En un second temps, des indications chiffrées furent imprimées à la surface de la bulle. Ces empreintes pouvaient être identiques à la forme des calculi contenus dans la bulle6 ou de forme différente, à condition d’en respecter le nombre. La présence de cette double information est troublante, car les bulles retrouvées en stratigraphie7 étaient toutes intactes8. La bulle-enveloppe présentée ici a été radiographiée9 pour faire apparaître les calculi ; les signes comptables de la surface sont gravés très schématiquement, sans doute, selon P. Amiet, parce que la terre était déjà trop dure10. À Suse, les systèmes numériques en vigueur semblent inspirés de ceux des Sumériens. Ils sont en bases 10 et 6011.

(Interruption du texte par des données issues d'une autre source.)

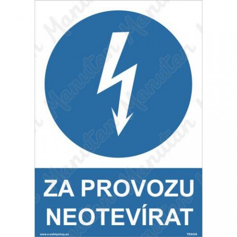 Tabulky, značky a samolepky "Za provozu neotvírat" jsou tištěny na vysoce kvalitním materiálu, barvami s vysokou odolností proti otěru a UV záření. Provedení je plně v souladu s požadavky právních a technických předpisů, zejména Nařízení vlády č. 375/2017 Sb., ČSN ISO 3864-1, ČSN ISO 3864-2, ČSN ISO 3864-3, ČSN ISO 3864-4.Příkazové tabulky - Za provozu neotvírat

La légère cuisson à laquelle ont été soumises les bulles à calculi révèle le souci de les conserver, car elle les rend moins fragiles.

À la fin de l’Uruk récent, la correspondance entre les calculi intérieurs et les chiffres de la surface sembla suffisamment redondante pour entraîner le remplacement définitif des bulles à calculi par un nouveau système comptable qui avait un temps coexisté avec elles : la tablette numérale12. L’indication chiffrée n’apparaissait qu’une seule fois, imprimée à l’extérieur. Les avantages de ce nouveau support sont évidents : il est de conception plus simple et sa forme permet de le stocker.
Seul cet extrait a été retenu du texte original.